After Ashley and Spencer's breakup, Spencer meets with Madison Duarte for lunch. Madison informs her that there are many single lesbians in LA. Spencer decides to adopt this new mindset immediately.

Later that day, Spencer bumps into a new girl, who says she is hot. Later, they run into each other at Chelsea's art studio, and the girl introduces herself as Carmen. They spend the whole day together, during which they talk about themselves, their lives, and during which Carmen states that she is a lesbian. That night, Spencer and Carmen kiss passionately.

In the next episode, Spencer introduces Carmen to her parents. They spend the whole day playing games, but Carmen gets uncomfortable after they see a tattoo on her hand. Spencer tries to console her by saying her parents just want to know her, but Carmen shrugs her off, saying "You don't even know me."

But for Spencer, it's kind of interesting because this is the first person she's really been with, relationship-wise, besides Ashley. And you see the way her family deals with the Carmen character, and the acceptance they have of her as opposed to Ashley. It's kind of contradictory, actually. There are some choices that the writers have made that show the family in a different light, and the way Spencer handles being with women now — because before it was mainly just Ashley. But now she's a gay woman and she's experiencing other women, so you kind of get to see that part of her.
— Gabrielle Christian

The next day, Ashley invites Spencer to her new hotspot, Ego, to party. Spencer agrees, but takes Carmen along. Angry, Ashley insults Carmen, calling her Spencer's community service project (she is not aware that they were dating). Spencer, angry, leaves with Carmen. They go to Chelsea's studio, where Spencer tells Carmen that she and Ashley had dated. Carmen gets angry, calling Ashley a "stuck-up, phony, white trash bitch" and saying that Spencer still loves her. Spencer tries to calm her down, but Carmen pushes her into a wall. Spencer tells her to leave, hurt and crying.

Spencer ends it with Carmen, and Carmen moves to San Diego.

Spencer makes plans to go to the LGBT festival, and wants her mom to go with her. But due to her mom's work schedule, they start fighting again about Paula's homophobia. Spencer instead goes to the festival with her dad. Later, Ashley stops by and convinces Paula to go. Spencer is thrilled, and thanks her mom for being part of "one of the greatest days of my life". Paula replies, "It was one of mine too." That night, Spencer calls Ashley and thanks her for bringing Paula.
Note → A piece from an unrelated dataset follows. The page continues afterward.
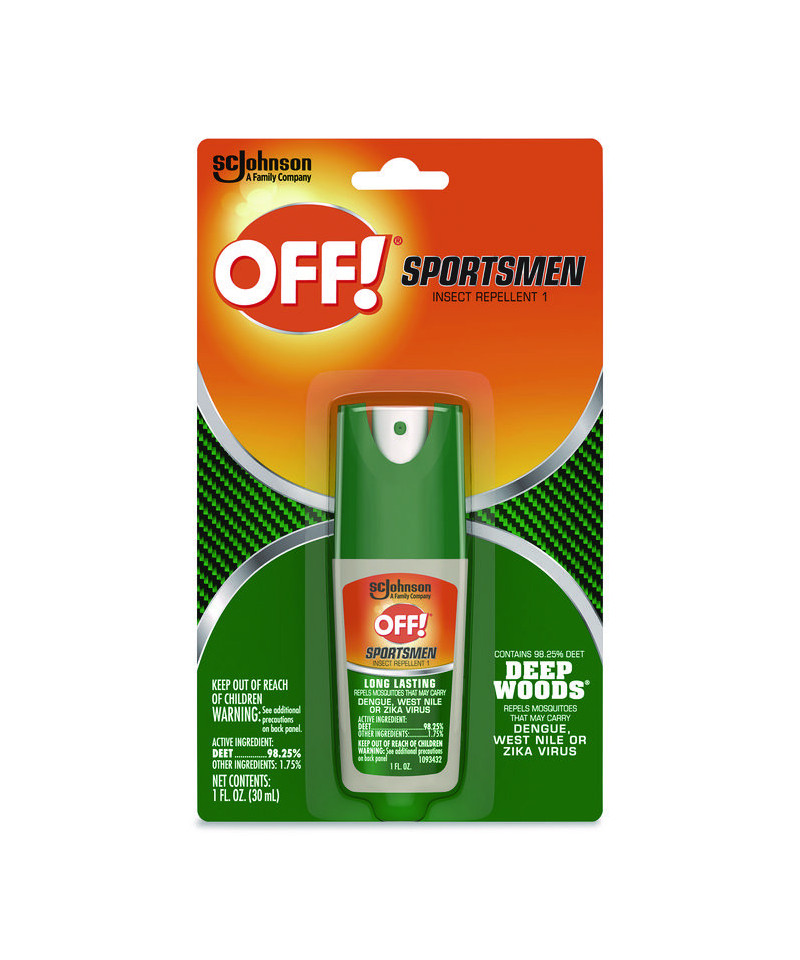 OFF! Sportsmen Deep Woods Repellent Spritz provides strong protection with 98.25% DEET formula. Repels biting insects for up to 10 hours. Non-greasy, odorless formula. Spray repels mosquitoes, ticks, chiggers, fleas, stable flies, black flies, gnats and Sandflies. Pump spray allows for easy application to skin, hair and clothing while keeping hands repellent-free. Small size convenient for keeping in a backpack or pocket.

She tells Ashley to open her door, and when Ashley does, Spencer is standing right there. After revealing her naked body, they kiss, make love, and when they wake up the next day Ashley asks if Spencer is going to dump her again. She says no and rushes off to school because she is 5 hours late.
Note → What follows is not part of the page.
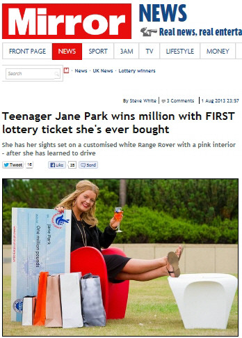 (17세 소녀 처음 구입한 복권, 사진=미러 홈페이지)

Spencer decides to come out to her grandmother on her 18th birthday. When her grandmother visits and is told by Spencer that she is gay, she is not happy, and decides to go home early. Showing signs of acceptance of her daughter's sexuality Paula stands up for Spencer and accuses her mother of being a bigot.

In the final episode, Spencer has to make a choice to go to a college away from Ashley or go to a college near. In the end, she goes to UCLA and moves in a loft with Ashley.

In the 'Five Years Later' Webpisode, five years after the last episode, Spencer & Ashley are married, and Ashley is heavily pregnant as Spencer donated her eggs while Aiden donated his sperm. Ashley finally decides to name their child Clay after Spencer's deceased brother which makes her happy.